‘I was called an idiot,’ former Oppenheimer employee alleges

A former employee of the Oppenheimers, Daryl Chetty, told the Equality Court on Friday that he was unfairly dismissed and called stupid by a senior executive at a company founded by billionaire businessman and conservationist Jonathan Oppenheimer.

But Chetty, who worked as an IT specialist for the Oppenheimer Partners Africa Advisors from March 2019 until he was fired at the end of May 2021, got his case referred to the Labour Court on the grounds of jurisdiction.


Among the respondents, Chetty listed Jonathan, who is the former executive of De Beers and ex-vice-president of Anglo-American Corporation, as the second respondent.

He claims he was unfairly dismissed in 2021, induced into signing a settlement agreement terminating his employment, and intimidated by the directors and partners of the company.
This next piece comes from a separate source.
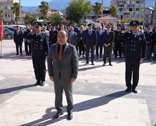 Tören; Seydikemer Kaymakamlığı, Seydikemer Belediyesi ve Seydikemer Gaziler ve Şehit Aileleri Derneği’nin çelenginin Atatürk Anıtına koyulması ile başladı. Çelenk sunma töreninin ardından bir dakikalık saygı duruşunda bulunulup İstiklal Marşımız okundu.

The crux of Chetty’s allegations is that he says he was referred to as “idiot” by one of the company’s 23 directors and was not offered protection by other directors.

He said that on May 11, 2021, the parties concluded and signed a settlement agreement terminating his employment relationship with effect from May 31, 2021.

However, on June 6 this year, Chetty initiated the Equality Court proceedings.

 In the papers, Chetty alleges the company’s senior executive Modise Madondo, for no apparent reason, used vulgar language against him and called him an idiot.

According to Chetty, when he reported Madondo’s conduct to the UK-based Oppenheimer Partners Limited, the company failed to act.

In their defence, Oppenheimer Partners told the Equality Court that it did not have jurisdiction to hear a labour matter, and the court agreed with it.

“It should be noted that the Equality Court is a creature of statute and has only the jurisdictional powers that are conferred upon it by the legislation that created it. It does not have any discretionary powers with regard to its jurisdiction,” Judge Mpostoli Twala found.

“It therefore does not lie in the mouth of the applicant that litigants have been waiting for years for their matters to be heard in the labour court, and as such, it is expedient for his matter to be heard by this court.

“This is tantamount to bypassing the dispute resolution mechanism provided for in the Labour Relations Act and would inevitably result in litigants being involved in forum shopping, which should be discouraged,” said Twala.

He said the conduct Chetty complained about occurred at the workplace, which falls within the ambit of the Employment Equity Act.

“The unavoidable conclusion is that this court does not have jurisdiction to adjudicate matters that fall within the purview of the Employment Equity Act and the Labour Relations Act.”